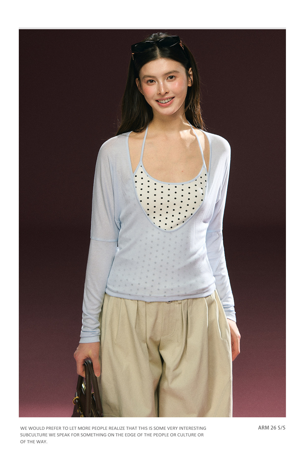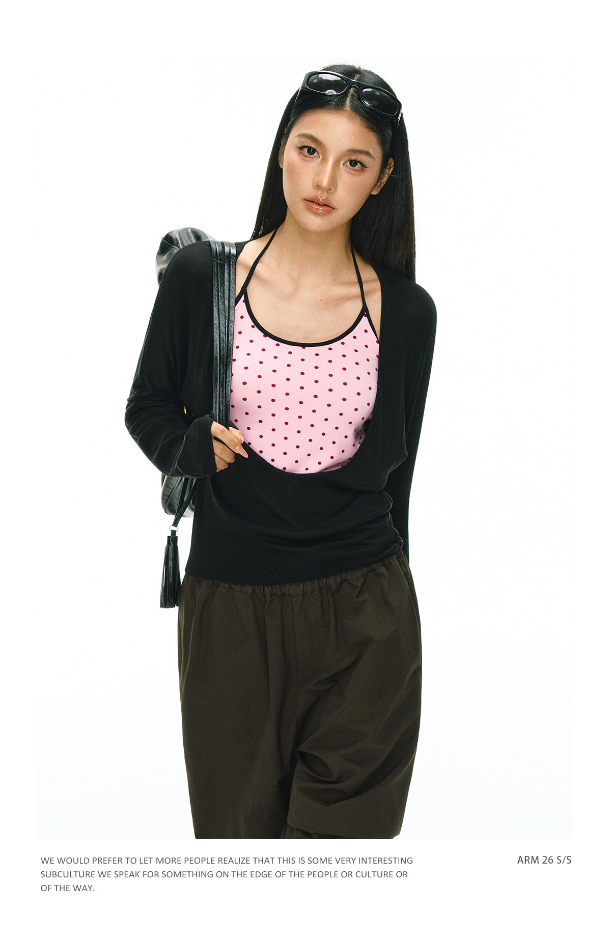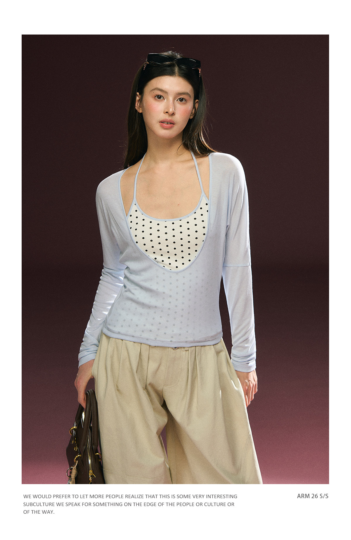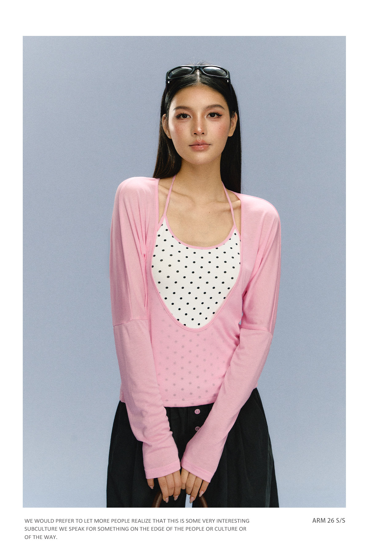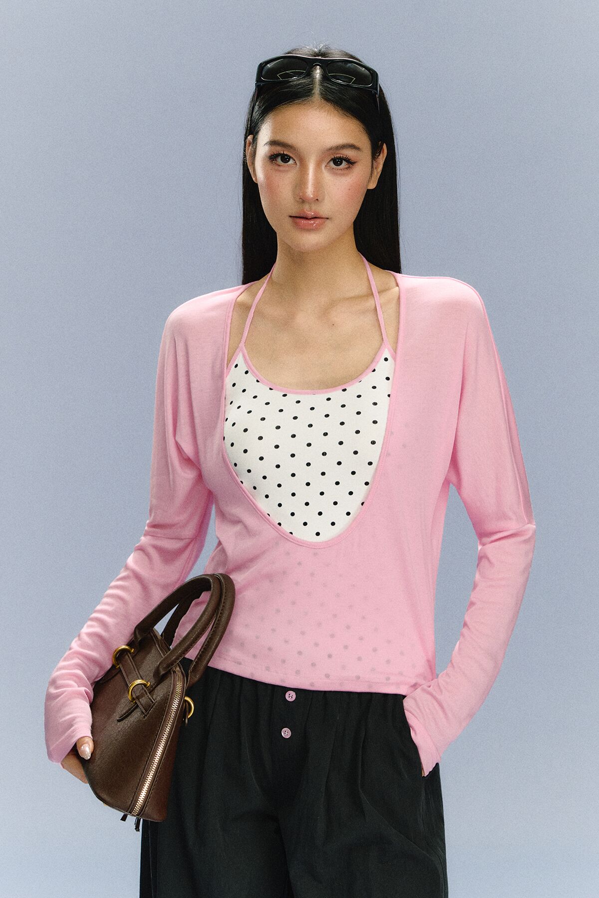 Ariseism 美式复古波点假两件长袖T恤女春季新款修身上衣
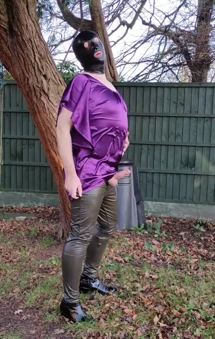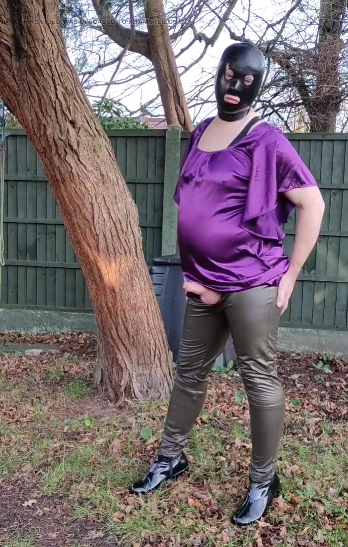Hot tv crossdresser hooded outdoor shiny tight leggings and satin. Dirty slut
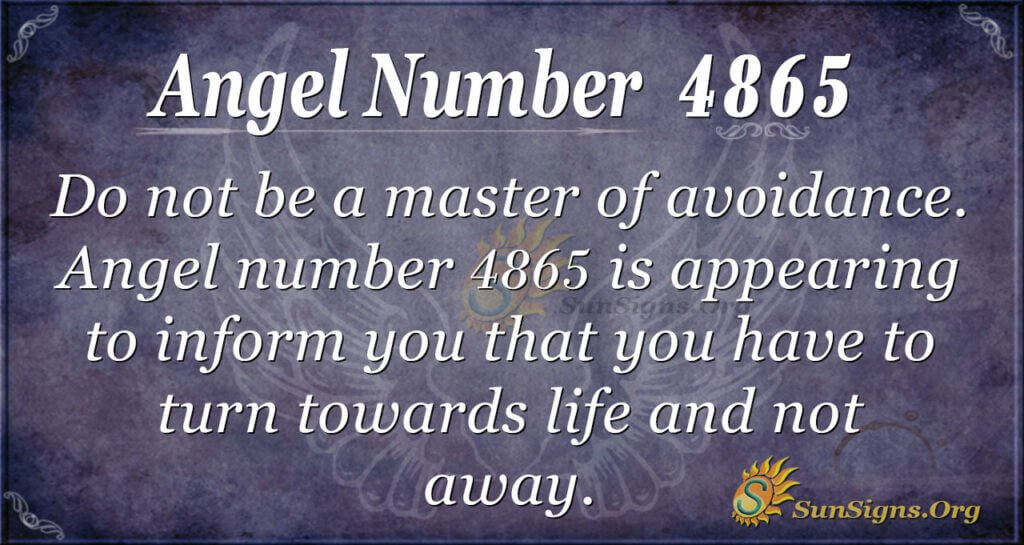 Do not be a master of avoidance. Angel number 4865 appears to inform you that you have to turn towards life and not away. If you want to enjoy life and be more effective, you should situate yourself towards reality. The moment you live within your reality, you will be in a position to handle life effectively. Similarly, you will get familiar with the thing that gave you chills. Seeing 4865 everywhere is ideal as it prepares you to walk the talk.
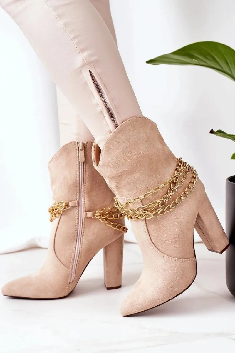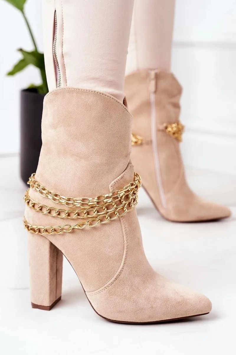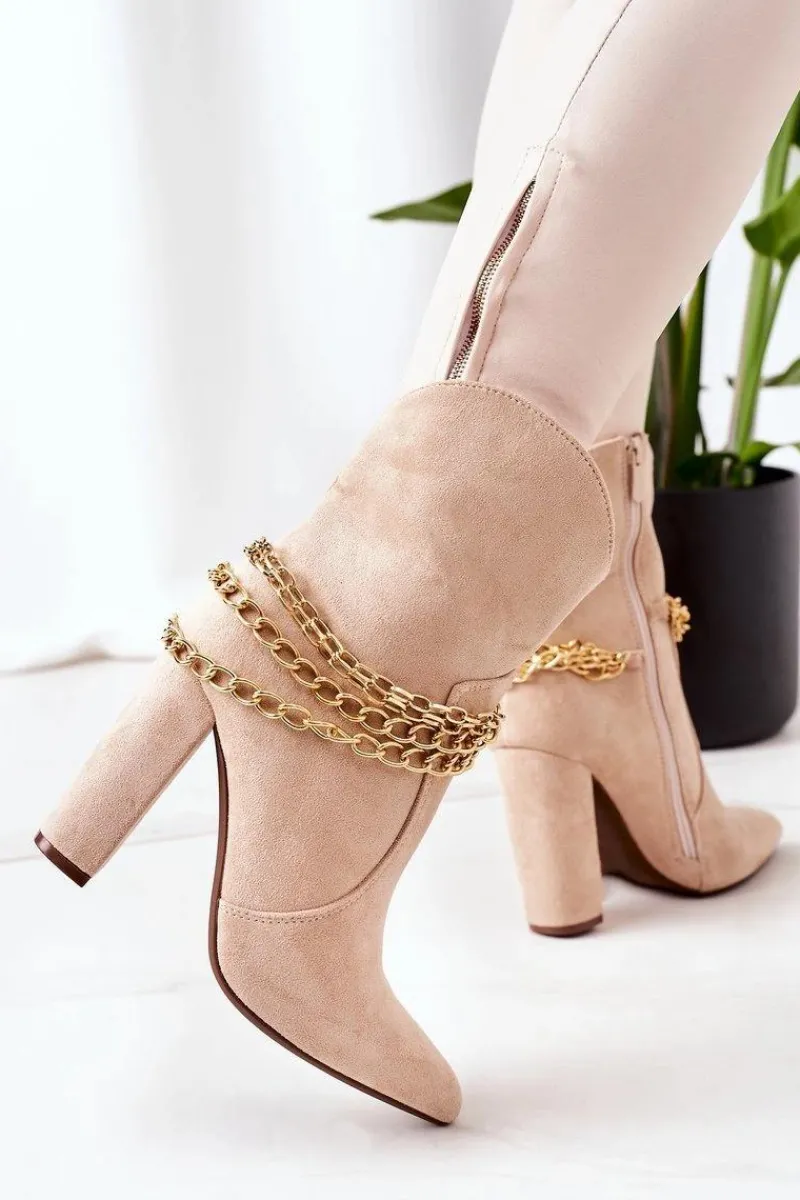 Wygodne i stylowe botki na słupku. Wnętrze butów ocieplone jest miłym w dotyku kocem obuwniczym. Botki wykonane są z eko zamszu.Przy wyborze rozmiaru prosimy sugerować się tabelą rozmiarów.
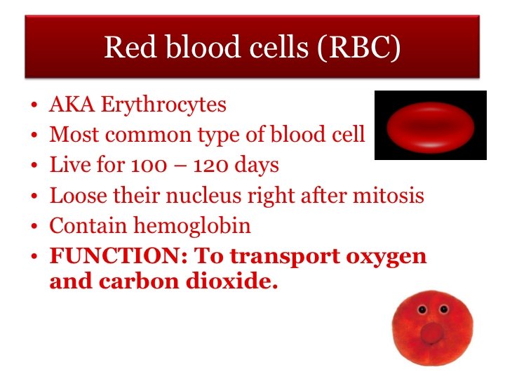 Red Blood Cells (RBC) • Description: – 4 -6 billion in 1 m. L of blood – Red-coloured cell – biconcave disks – have no nucleus and few organelles – Erythrocytes • Functions: – Transports Oxygen with the help of a protein called Hemoglobin (found in RBC)
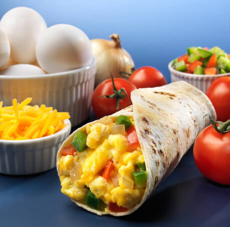 - Whisk two eggs with a splash of milk, season, and cook with diced veggies (spinach, peppers, tomatoes).
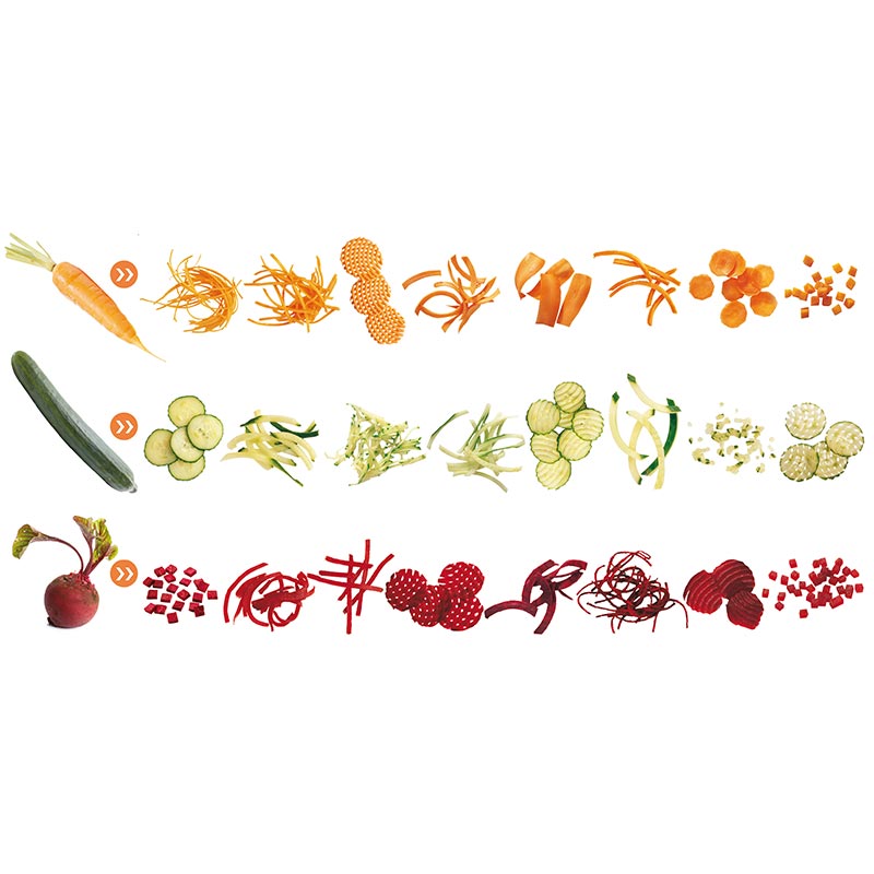 Elle yapılan işlerden her gün birkaç saat tasarruf edin: dilimleyin, rendeleyin, dalgalı dilimler kesin, jülyen veya kuşbaşı doğrayın, parmak patates kesin, hatta püre yapın.

--

**WHAT THE EXERCISE ASKS:** Beginning with the line that has "- Whisk two", repeat each remaining line of the data above word for word, keeping pictures out.

**WRITTEN SOLUTION:**
 - Whisk two eggs with a splash of milk, season, and cook with diced veggies (spinach, peppers, tomatoes).
 Elle yapılan işlerden her gün birkaç saat tasarruf edin: dilimleyin, rendeleyin, dalgalı dilimler kesin, jülyen veya kuşbaşı doğrayın, parmak patates kesin, hatta püre yapın.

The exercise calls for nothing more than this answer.